Jaccard Method 🧩
Imagine you and your friend each have a basket of fruits:
Your basket: Apple, Banana, Grape
Friend’s basket: Apple, Orange, Grape
The Jaccard method helps answer this question: "How similar are these two baskets?"
Here’s how it works:
1. Find what’s common in both baskets: Apple, Grape
2. List all unique fruits from both baskets (without repeating): Apple, Banana, Grape, Orange
3. Formula:
Jaccard Similarity = (Number of common fruits) ÷ (Total unique fruits)
For these baskets:
Jaccard Similarity = 2 ÷ 4 = 0.5
So, the similarity is 50%. The bigger the fraction, the more similar the baskets!
Cosine Method 📐
Now, imagine you and your friend make lists of how many of each fruit you have in your baskets:
Your list:
Apple = 1, Banana = 1, Grape = 1, Orange = 0
Friend’s list:
Apple = 1, Banana = 0, Grape = 1, Orange = 1
The Cosine method helps measure how similar these lists are, like comparing their "angles."
Here’s how it works:
1. Multiply the matching fruit counts from both lists:
(Apple × Apple) + (Banana × Banana) + (Grape × Grape) + (Orange × Orange)
=1×1+1×0+1×1+0×1=2
2. Calculate the "strength" of each list:
o Your strength = √(1² + 1² + 1² + 0²) = √3
o Friend’s strength = √(1² + 0² + 1² + 1²) = √3
3. Formula:
Cosine Similarity = (Matching fruit counts) ÷ (Your strength × Friend’s strength)
For these lists:
Cosine Similarity = 2 ÷ (√3 × √3) = 2 ÷ 3 ≈ 0.67
So, the similarity is 67%.
Key Difference:
Jaccard looks at shared fruits as a percentage of all unique fruits.

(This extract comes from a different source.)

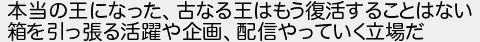 本当の王になった古なる王はもう復活することはない 箱を引っ張る活躍や企画配信やっていく立場だ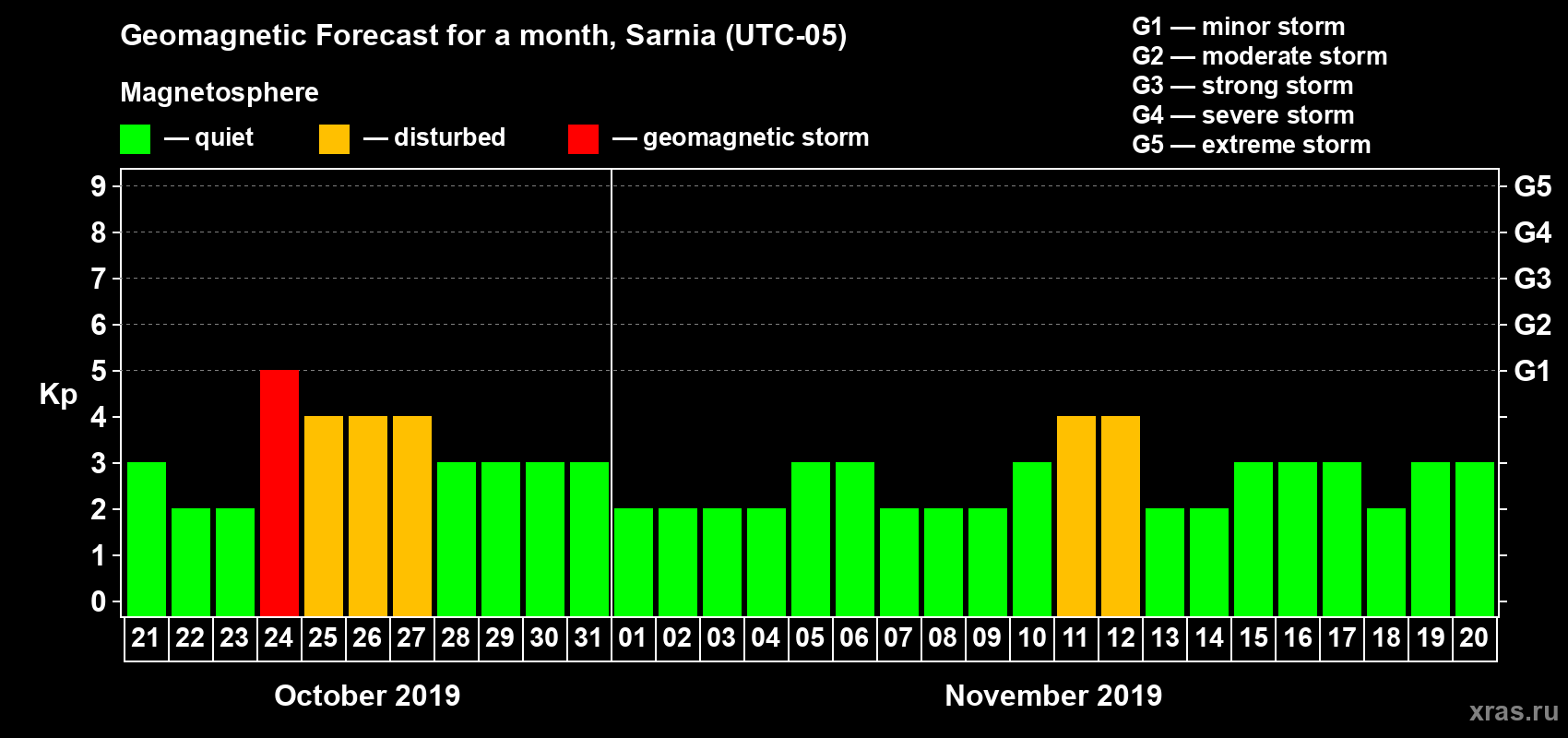 Geomagnetic storm forecast in Sarnia for Oct 21, 2019

Cosine compares the amount of matching fruits and their "strengths."
That’s it—now you can compare fruit baskets in two different ways!

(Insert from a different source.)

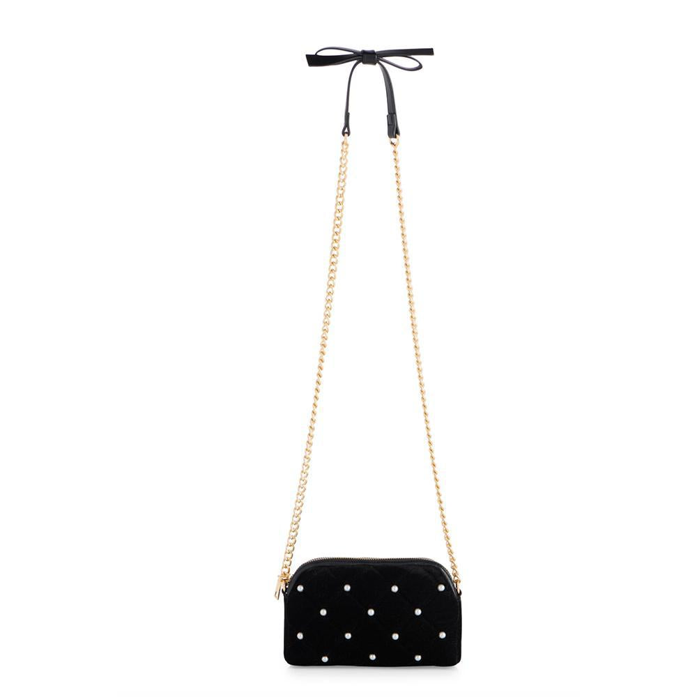 The Aimee Cross-Body is your new go-to glam piece for nights out and dressed-up days. Made with plush black velvet and topped with faux pearl accents, it’s the perfect mix of timeless and trendy. Featuring a sleek top zip closure, chic gold chain strap, and a handy inner slip pocket, this compact bag keeps your essentials close without sacrificing style. It’s just the right size for your phone, lipstick, and a little extra sparkle.

Question: Comparing Documents Using Jaccard and Cosine Similarity
You are given two documents represented as sets of words (for Jaccard similarity) and word
frequencies (for Cosine similarity):
Document 1 (D1):
Words: {information, retrieval, system, data, search}
Word Frequencies: {information: 2, retrieval: 1, system: 1, data: 1, search: 1}
Document 2 (D2):
Words: {information, retrieval, search, engine, web}
Word Frequencies: {information: 1, retrieval: 1, search: 2, engine: 1, web: 1}
Tasks:
1. Jaccard Similarity:
Compute the Jaccard similarity between the two documents based on their word sets.
2. Cosine Similarity:
Compute the Cosine similarity between the two documents based on their word
frequencies.
Hints:
1. For Jaccard similarity:
o Formula:
Jaccard Similarity = (Number of common words) ÷ (Total unique words)
2. For Cosine similarity:
o Formula:
Cosine Similarity = (Sum of product of matching word frequencies) ÷ (√(Sum of
squares of D1 frequencies) × √(Sum of squares of D2 frequencies))
Example: Calculating Jaccard and Cosine Similarity
Consider two documents represented as sets of words and word frequencies:
Document 1 (D1):
Words: {apple, banana, grape, orange}
Word Frequencies: {apple: 2, banana: 1, grape: 1, orange: 1}
Document 2 (D2):
Words: {apple, banana, orange, mango}
Word Frequencies: {apple: 1, banana: 2, orange: 1, mango: 1}
Step 1: Jaccard Similarity
1. Find common words:
Common words between D1 and D2 are: {apple, banana, orange}
2. Find total unique words:
Total unique words in both sets are: {apple, banana, grape, orange, mango}
3. Jaccard Formula:
Jaccard Similarity = (Number of common words) ÷ (Total unique words)
Solution:
Common words = 3
Total unique words = 5
Jaccard Similarity = 3 ÷ 5 = 0.6 (or 60%)
Step 2: Cosine Similarity
1. Word frequency vectors:
Represent the documents as vectors:
o D1 = [2, 1, 1, 1, 0] (apple, banana, grape, orange, mango)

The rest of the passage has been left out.